WASHINGTON, D.C. — Victor Ramirez, one of the operators involved in a sweepstakes scam that defrauded consumers of millions, has agreed to a settlement with the Federal Trade Commission (FTC). The settlement permanently prohibits Ramirez from participating in any sweepstakes or making claims to consumers about winning or potentially winning prizes.
The FTC filed its complaint against Ramirez in 2015, alleging that he was part of a scheme that defrauded over $28 million from consumers in the United States and several other countries, including Australia, Canada, France, Germany, Japan, and the United Kingdom.
The complaint charged that Ramirez, along with other defendants, sent personalized letters to consumers claiming they had won large cash prizes, typically over $2 million. To claim the prizes, consumers were instructed to send a $20-$30 fee. The letters threatened forfeiture of winnings if payment was not made within 10 days. In reality, consumers had not won any prizes, and the defendants had no ability to award them.
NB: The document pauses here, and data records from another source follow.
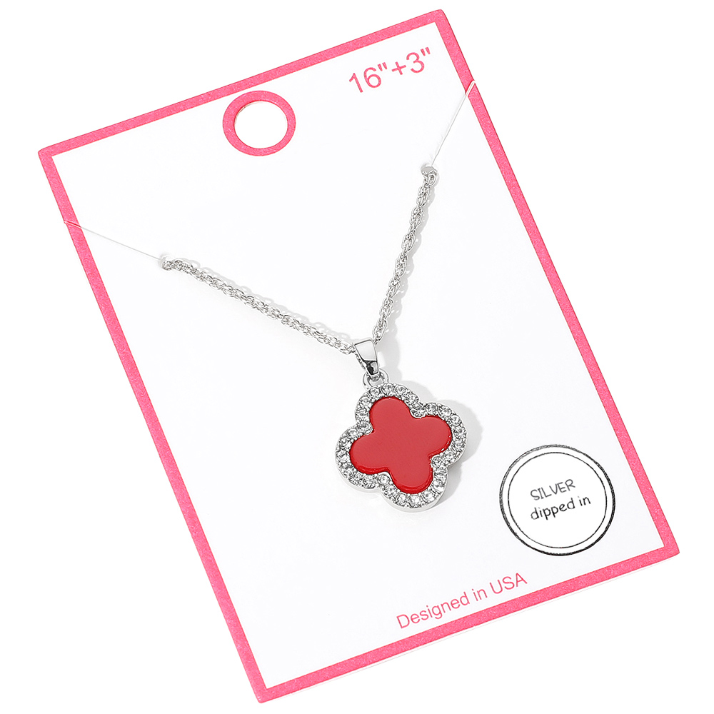 Details • Necklace Size : 16" + 3" L • Pendant Size: 0.75" X 1" • This radiant quatrefoil outline pendant necklace features a hollow design surrounded by shimmering stones for a touch of elegance. Its delicate chain and timeless silhouette create a versatile accessory that complements both everyday wear and special occasions with effortless charm. • Sterling Silver Dipped • Lead and Nickel Compliant
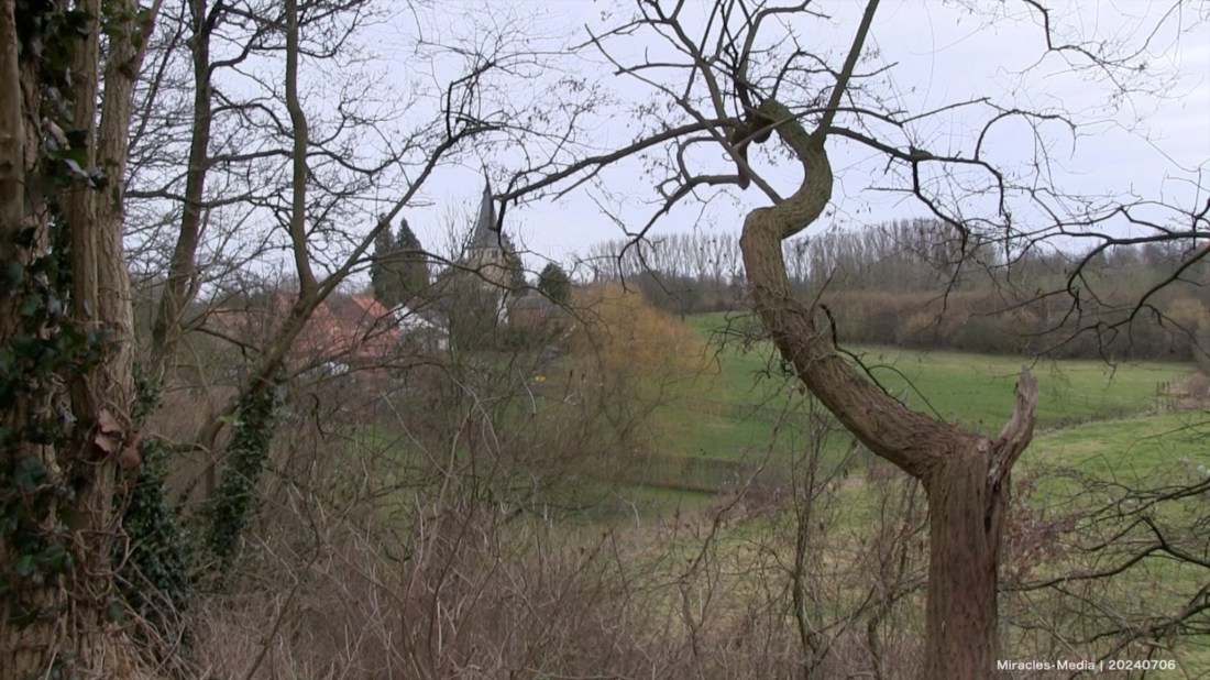 Kuttekoven track to Auschwitz… Right after the site where Simon Gronowski escaped from the 20th convoy, ‘Transport XX’, the railway bed of this former so-called ‘Fruitspoor’ (Fruit Track) crosses the village of Kuttekoven, with – on the horizon – the Church of Saint John the Baptiser , currently with the expo ‘Witzwart’ (Whiteblack) – aka Land(es)capes from the 20th Convoy – by the local photographer Jo Struyven.
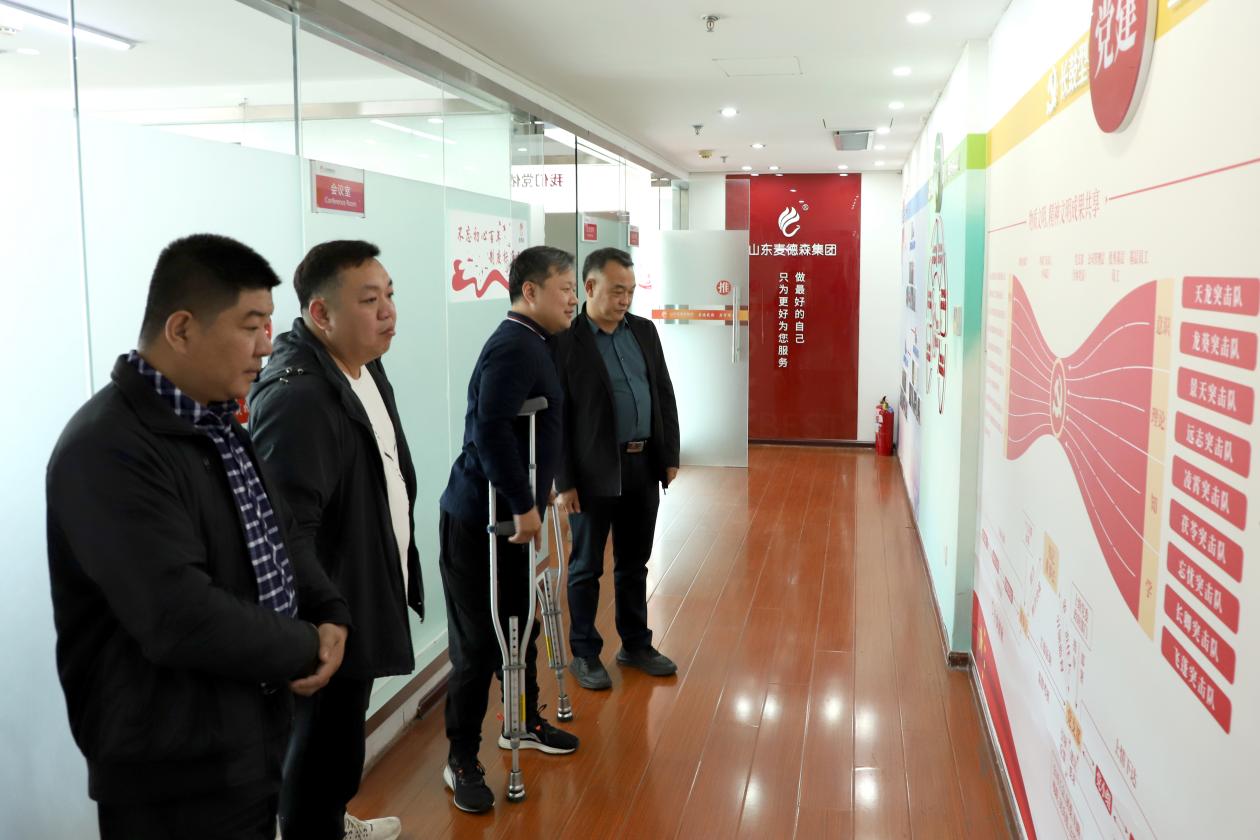 在王勇的带领下,申国强一行对麦德森总部进行了参观,查阅了集团党员手抄党章、党日活动征文等企业党建工作材料。
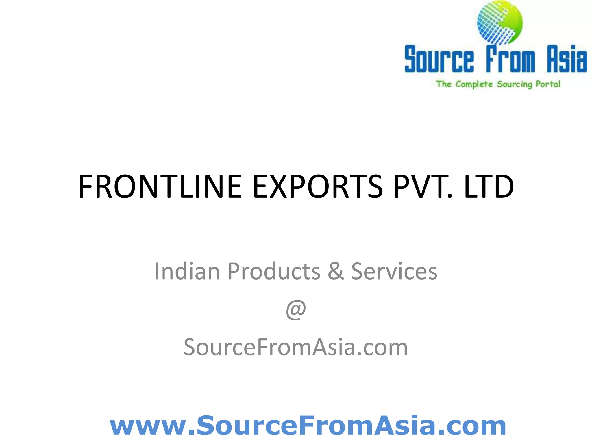 Frontline Exports Pvt. Ltd. offers Indian products and services through the platform Sourcefromasia.com, which serves as a comprehensive sourcing portal for Asian goods. The company is located in Aroor, Alappuzha, Kerala, and provides free sourcing and buying advisory for buyers through their email and Skype contact options. More information can be found on their website.

Under the settlement terms, Ramirez is barred from any involvement in sweepstakes or prize promotions, and is prohibited from engaging in deceptive practices related to any product or service. He is also restricted from using any consumer information obtained through the scam.
The settlement was approved by the FTC with a unanimous vote of 5-0 and has been entered by the U.S. District Court for the Southern District of Florida. The stipulated final order, once signed by the court, will have the force of law.
William J. Hodor of the FTC’s Midwest Region is the staff attorney handling the case.